Lady Theresa Von Buchensteinwald De Moine was one of the best-kept secrets in the kingdom. Her 17th birthday had just passed, and she was already by anyone’s standards a stunning young lady. Honey blonde hair spilled over her smooth perfectly symmetrical shoulders. Her oval face was held high by a slender neck. It was a trail irresistible to the eye, and it led directly down to her lightly sun-kissed chest where her firm bosoms pushed up against her tightly bound dresses. Despite her remarkable beauty and blossoming body, the young lady didn’t have an active social life. She and her family had spent her entire life hidden away on the sole remaining stretch of land that had once been just a sliver of her family’s hereditary domain. They were the nobility of a by-gone order. Their ancestral lands gone, their titles meaningless, after 37 generations all that remained of their illustrious past was a castle crumbling against the current of passing the time. Theresa father Lord Baron Von Buchensteinwald decided it was to be the final resting place not just for his mortal remains but where the entire Buchensteinwald family tree would shed it’s few remaining leaves before returning to the soil from once it arose.

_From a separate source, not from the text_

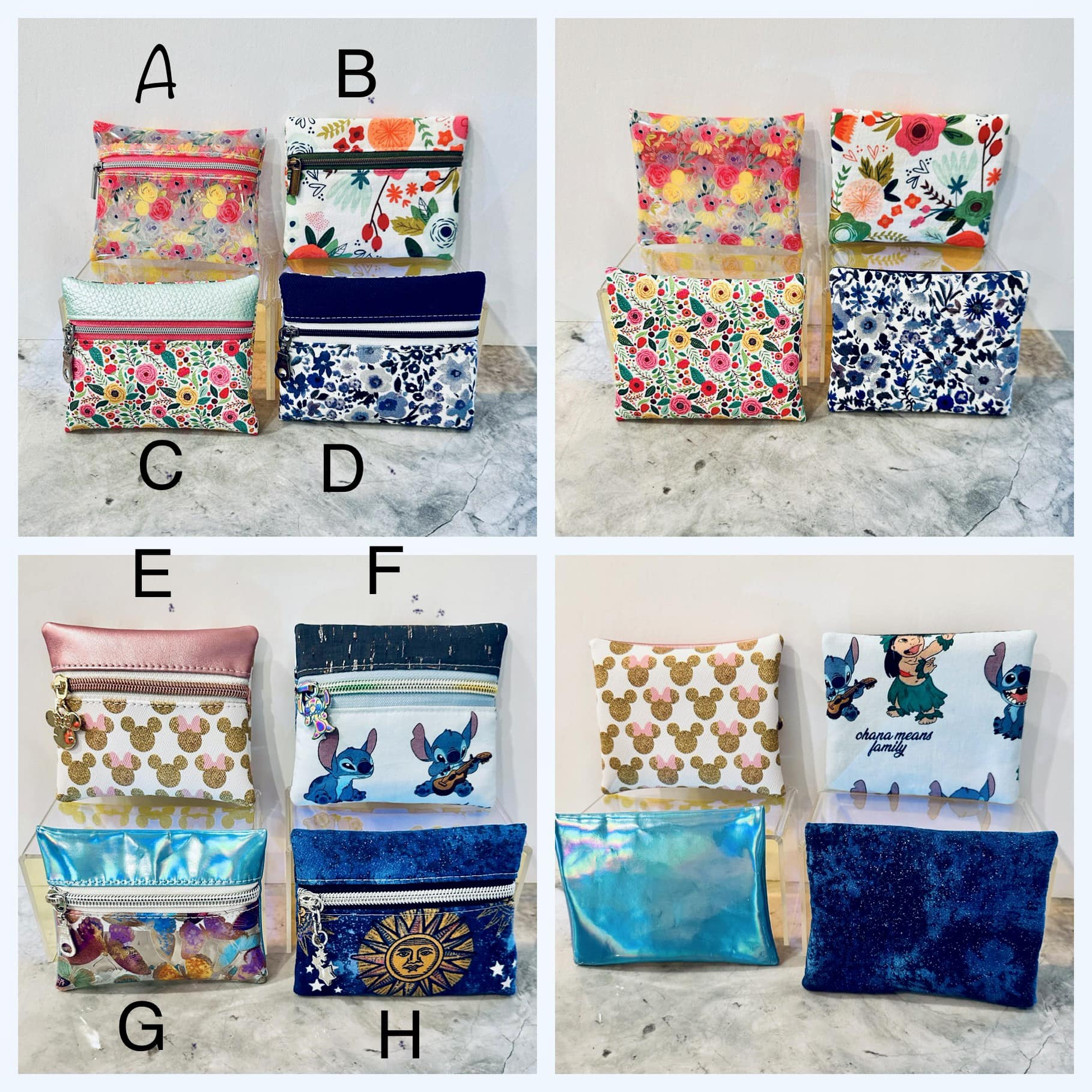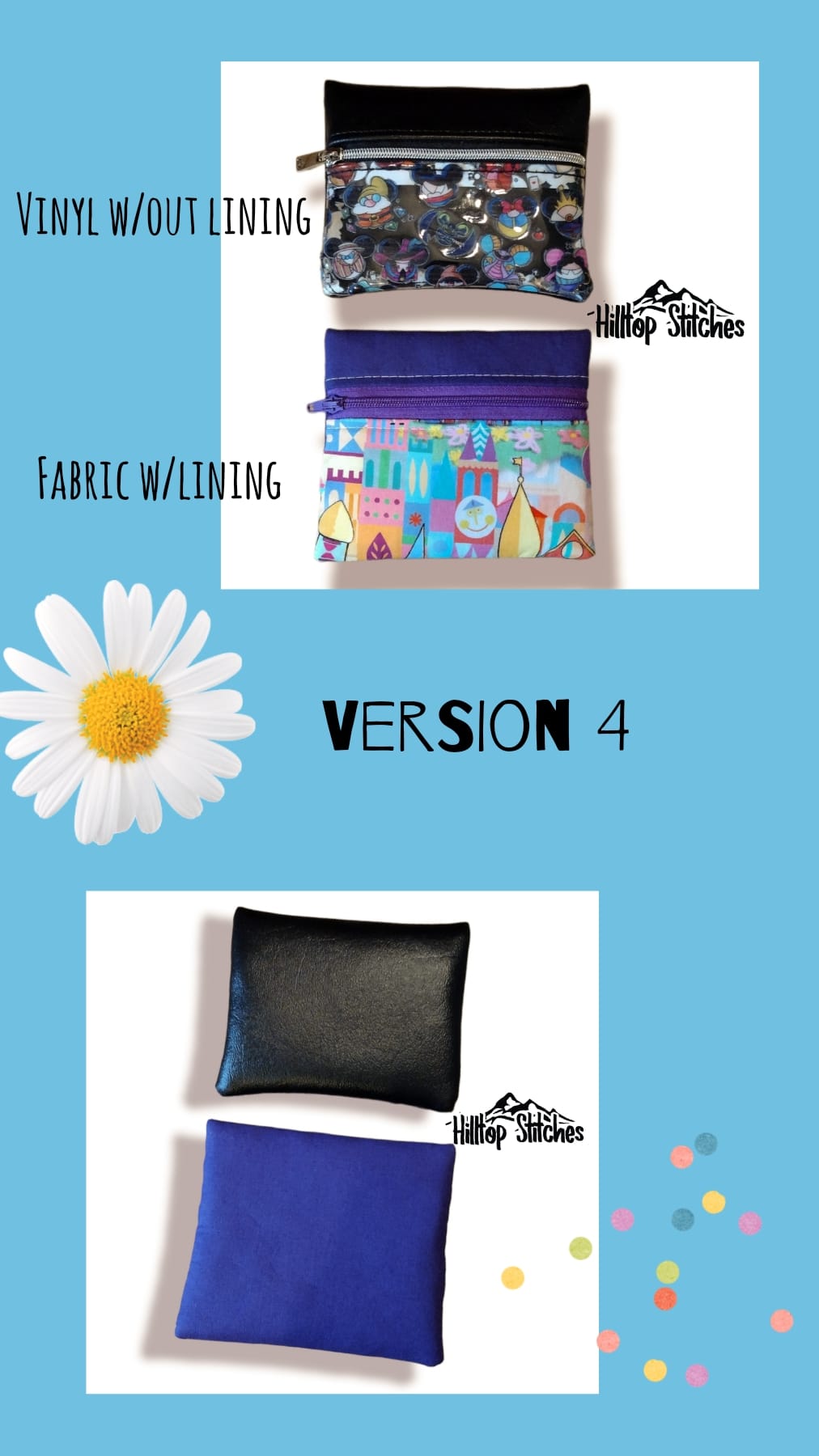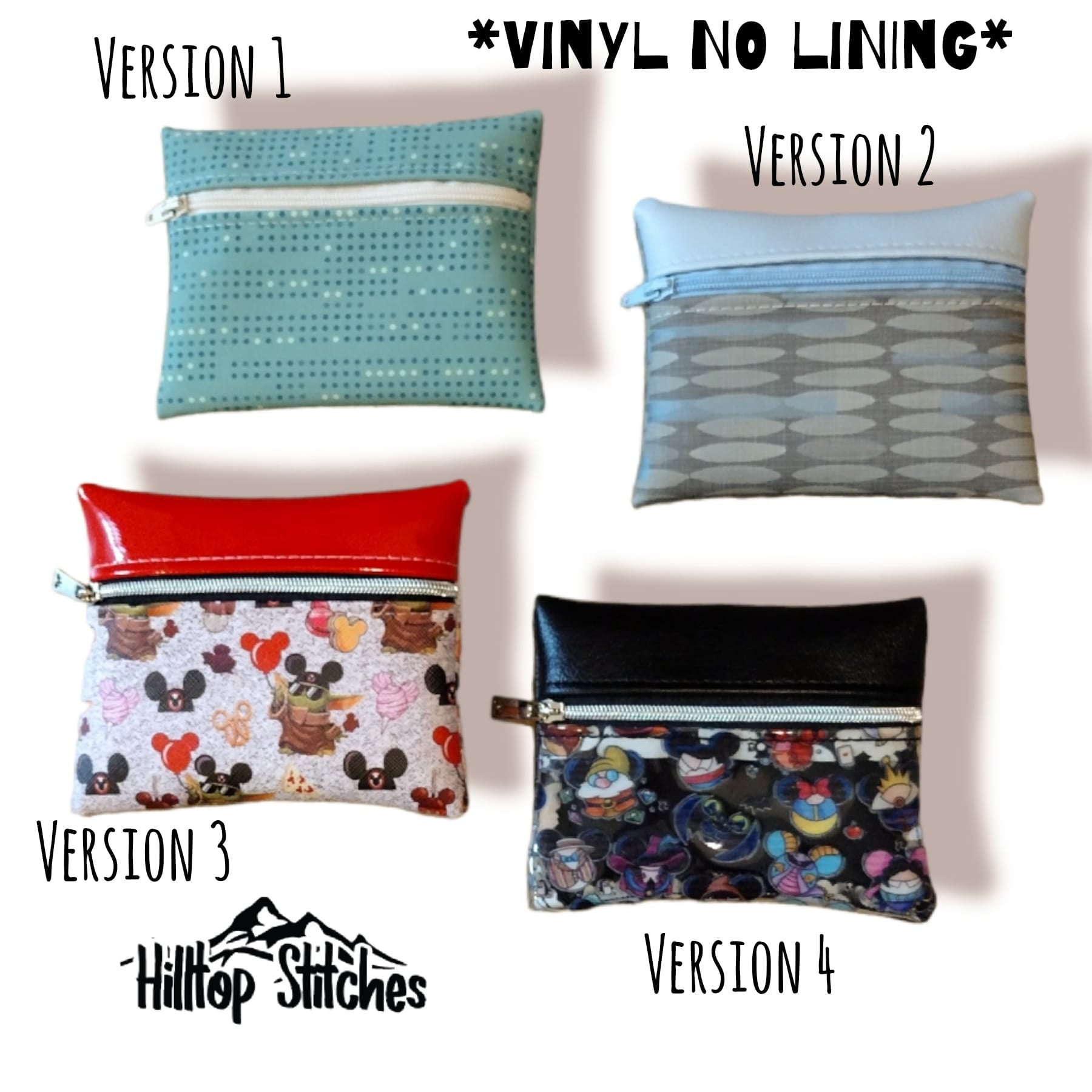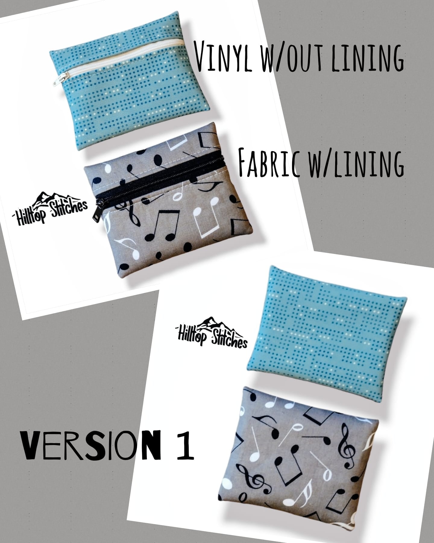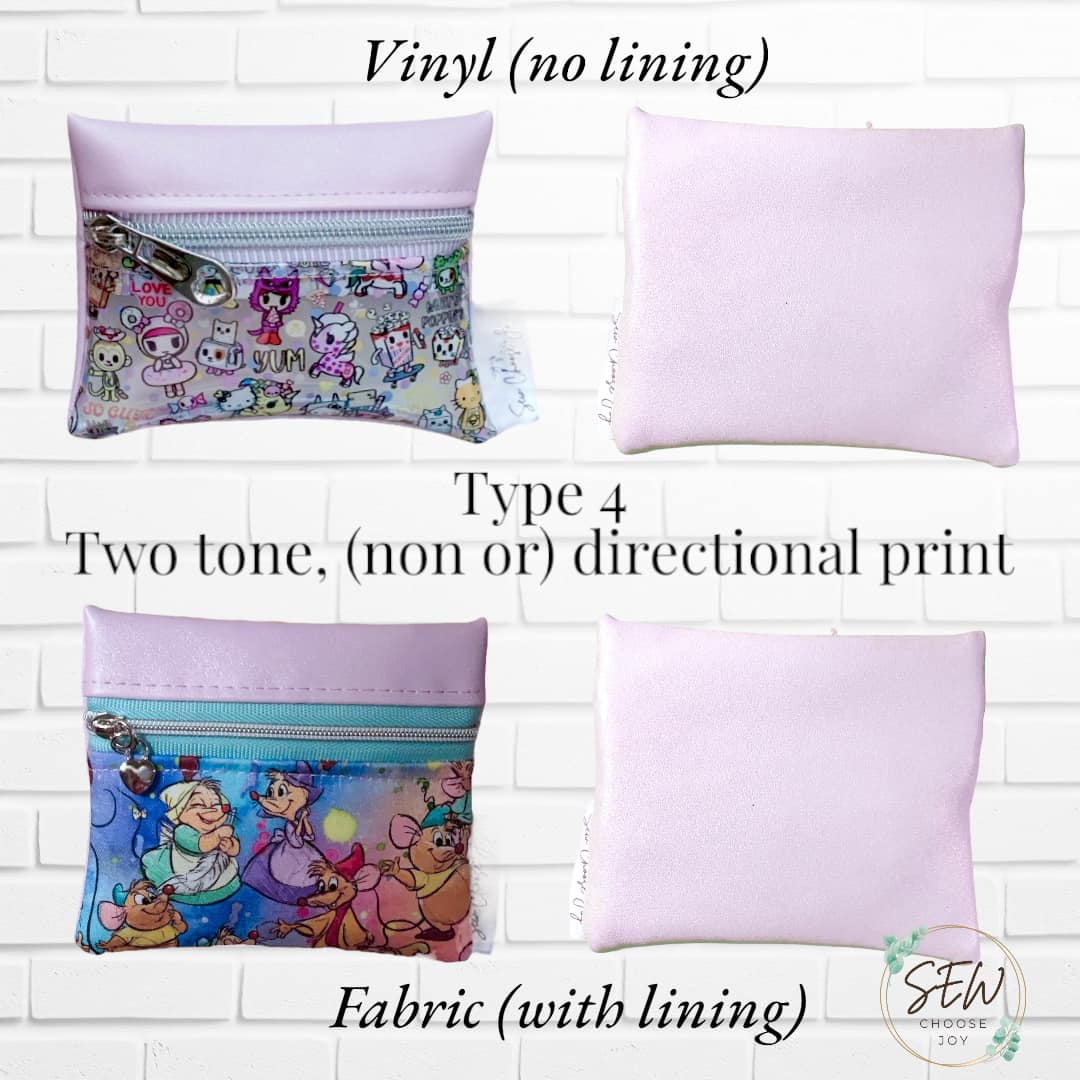 Type 4 is a two-tone look meant for directional or non-directional prints with an option to add a constrasting top accent. It has a seam along the bottom edge joining two exterior pieces together. This pattern is great for featuring a small, precious scrap of material on the front bottom piece. See clear vinyl pouch below as an example.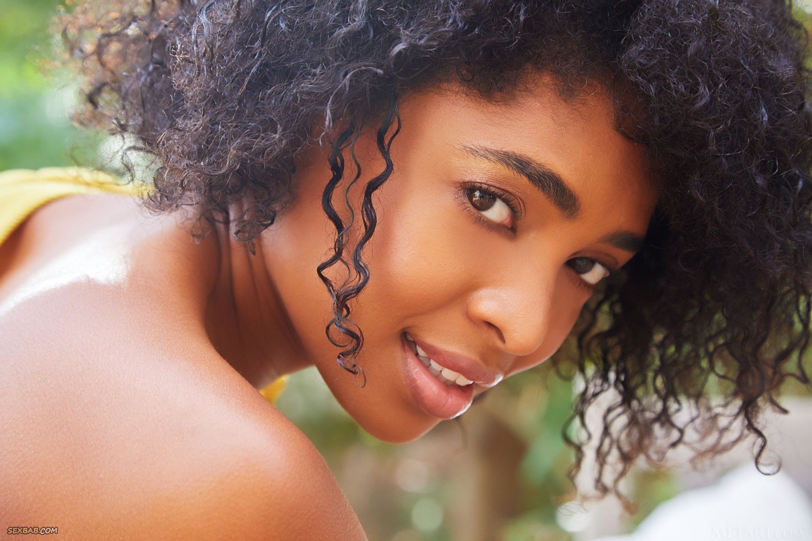 Описание: Расположившись на стуле рядом с загородным домом, очаровательная длинноногая негритянка в туфлях начинает эротично позировать и снимать коротенькое платье, под которым не оказалось нижнего белья. В обнаженном виде сексуальная красотка показывает маленькие сиськи с торчащим сосочками и письку с прической на лобке.

Theresa’s parents never told her what was beyond the boundaries of their estate. She and her siblings had ample room to explore in the dense surrounding forests. Where they grew up under a canopy of trees and sky that seemed to be almost as stagnant as the lives, they lead inside a memory.

It may have expressed itself more subtly in the natural landscape, but the moving and changing world outside was infringing, the illusion that they could encapsulate their existence against time had been just that.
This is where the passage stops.